• PROBLEM:
Write out each record below exactly as it appears, with no pictures.

----

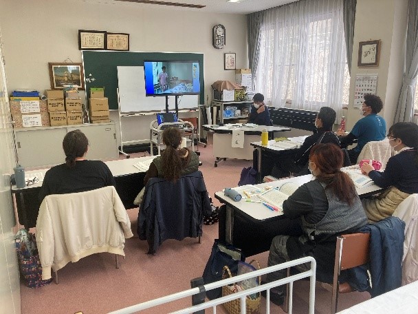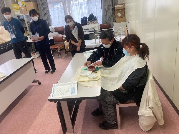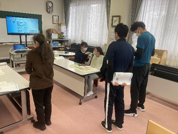 令和8年1月13日(火)、今回の講義は食事に関連した演習で、基本的な食事介助の技術伝達から始め、実習生同士で交互に介助方法の確認をしたり実際に介護食品を食べてもらったりなどして実施しました。
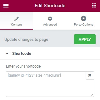 Step 4. Paste on element. Elementor Shortcode allows the block slug and Porto Block of WPBakery allows slug and id.
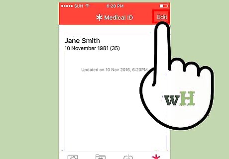 Tap "Edit" whenever you need to make changes. You can change the information on your Medical ID at any time in the Medical ID tab of the Health app. Just tap the "Edit" button and then change or delete information on the ID. You can delete the entire Medical ID by scrolling down to the bottom of the Edit screen and tapping "Delete Medical ID."
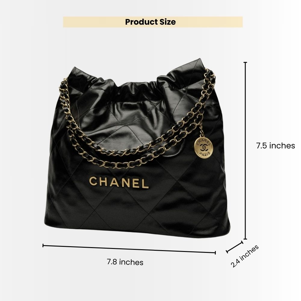 - The Chanel 22 Mini Bag in Shiny leather Black, 22cm, exudes modern sophistication with a luxurious touch. Its sleek, glossy leather offers a timeless and elegant look, perfect for both day and night. Compact yet spacious, this mini bag is designed to hold essentials while adding a refined edge to any outfit. An effortlessly chic piece for the modern fashionista.
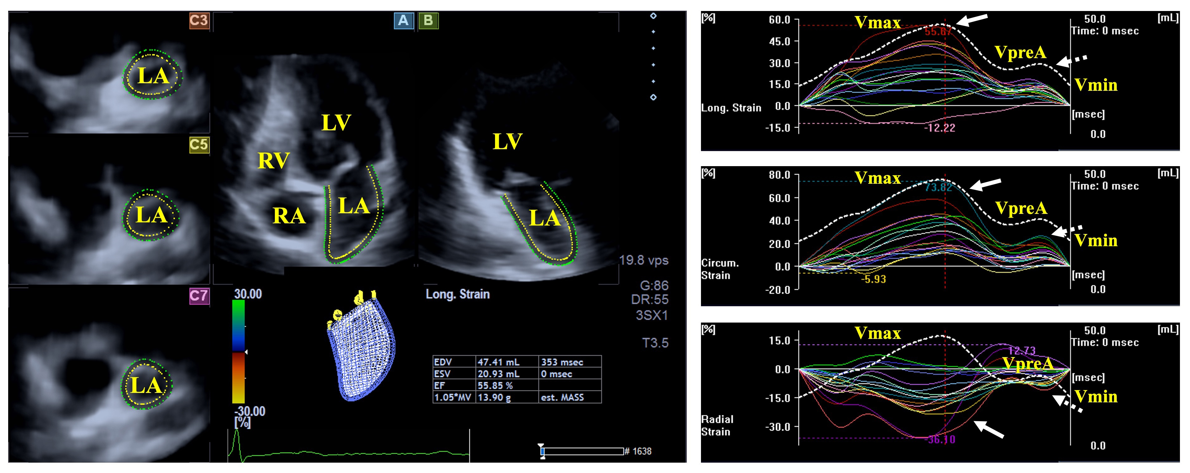 Fig. 2. Evaluation of the left atrial volumes and strains by three-dimensional speckle-tracking echocardiography. Abbreviations: LA, left atrium; RA, right atrium; LV, left ventricle; RV, right ventricle; Vmin, end-diastolic minimum volume of the LA; VpreA, early diastolic pre-atrial contraction volume of the LA; Vmax, maximum end-systolic volume of the LA, white arrow represents LA reservoir strain, dashed white arrow represents LA strain at atrial contraction.
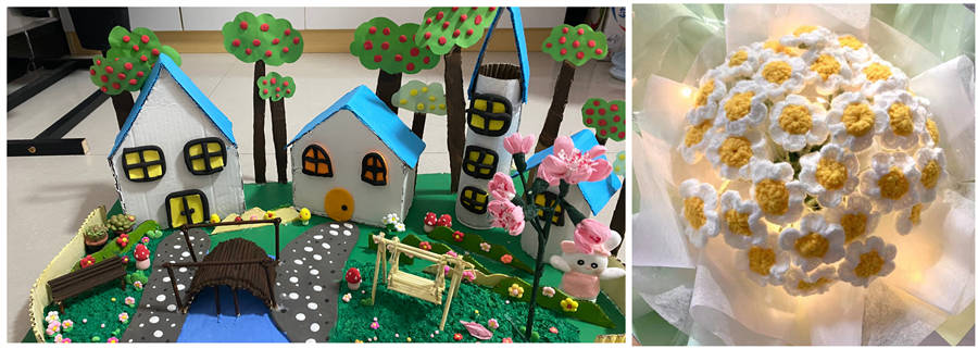 三等獎:周嬌、周雅琴手工作品《暖》;劉怡手工作品《洋甘菊花束》;邱寧艷、劉鑫手工作品《四季與“泥”》。
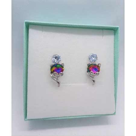 Buy Cubic Zirconia Rose Flower Dangle & Drop Earrings - Rainbow in Nigeria
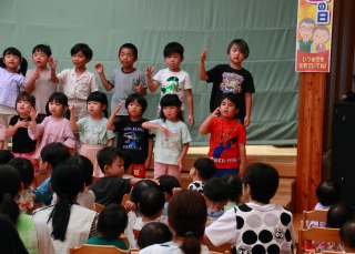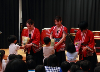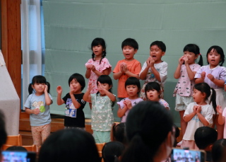 2025/9/12 敬老の日の集い 今日はおじいちゃんおばあちゃんを招待して 敬老の日の集いを行いました。 ぞう組きりん組ぱんだ組からは歌と手話の披露がありました。 この日の為に一生懸命練習してきました。 女性和太鼓グループ「雅(みやび)」 による太鼓の演奏が披露されました。 おじいちゃんおばあちゃん、 元気で長生きしてね。
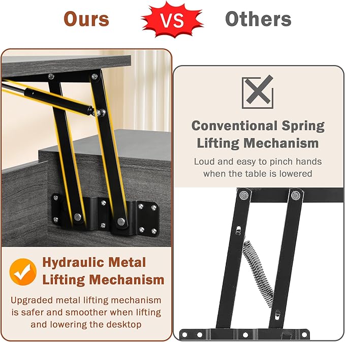 About This 👍Lift Top Design: The lift top coffee table with storage features a liftable tabletop and upgraded metal hydraulic...
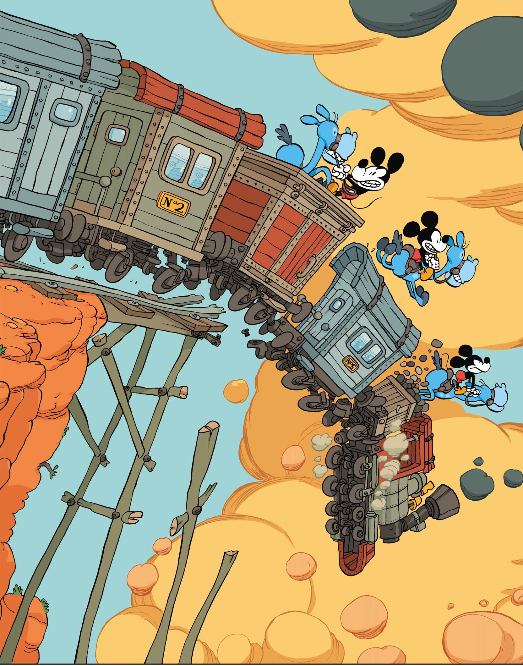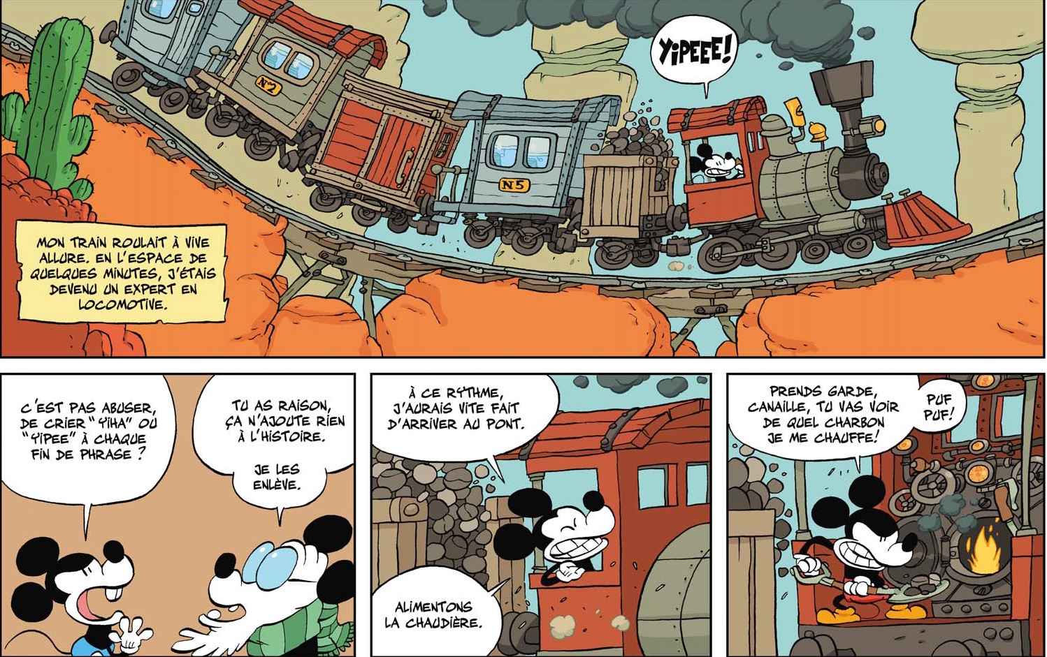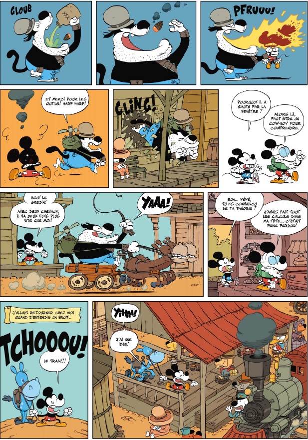 En effet et c’est là la grande réussite de cet album, Tébo a réussi a garder le socle stylistique "Disney" fait de mouvements, de traits arrondis, tout en créant son propre Mickey avec une bouille très moderne. On ne vous parle même pas de certaines doubles pages, sans parole, ou Tébo nous livre tout son talent.

----

• WRITTEN RESPONSE:
 令和8年1月13日(火)、今回の講義は食事に関連した演習で、基本的な食事介助の技術伝達から始め、実習生同士で交互に介助方法の確認をしたり実際に介護食品を食べてもらったりなどして実施しました。
 Step 4. Paste on element. Elementor Shortcode allows the block slug and Porto Block of WPBakery allows slug and id.
 Tap "Edit" whenever you need to make changes. You can change the information on your Medical ID at any time in the Medical ID tab of the Health app. Just tap the "Edit" button and then change or delete information on the ID. You can delete the entire Medical ID by scrolling down to the bottom of the Edit screen and tapping "Delete Medical ID."
 - The Chanel 22 Mini Bag in Shiny leather Black, 22cm, exudes modern sophistication with a luxurious touch. Its sleek, glossy leather offers a timeless and elegant look, perfect for both day and night. Compact yet spacious, this mini bag is designed to hold essentials while adding a refined edge to any outfit. An effortlessly chic piece for the modern fashionista.
 Fig. 2. Evaluation of the left atrial volumes and strains by three-dimensional speckle-tracking echocardiography. Abbreviations: LA, left atrium; RA, right atrium; LV, left ventricle; RV, right ventricle; Vmin, end-diastolic minimum volume of the LA; VpreA, early diastolic pre-atrial contraction volume of the LA; Vmax, maximum end-systolic volume of the LA, white arrow represents LA reservoir strain, dashed white arrow represents LA strain at atrial contraction.
 三等獎:周嬌、周雅琴手工作品《暖》;劉怡手工作品《洋甘菊花束》;邱寧艷、劉鑫手工作品《四季與“泥”》。
 Buy Cubic Zirconia Rose Flower Dangle & Drop Earrings - Rainbow in Nigeria
 2025/9/12 敬老の日の集い 今日はおじいちゃんおばあちゃんを招待して 敬老の日の集いを行いました。 ぞう組きりん組ぱんだ組からは歌と手話の披露がありました。 この日の為に一生懸命練習してきました。 女性和太鼓グループ「雅(みやび)」 による太鼓の演奏が披露されました。 おじいちゃんおばあちゃん、 元気で長生きしてね。
 About This 👍Lift Top Design: The lift top coffee table with storage features a liftable tabletop and upgraded metal hydraulic...
 En effet et c’est là la grande réussite de cet album, Tébo a réussi a garder le socle stylistique "Disney" fait de mouvements, de traits arrondis, tout en créant son propre Mickey avec une bouille très moderne. On ne vous parle même pas de certaines doubles pages, sans parole, ou Tébo nous livre tout son talent.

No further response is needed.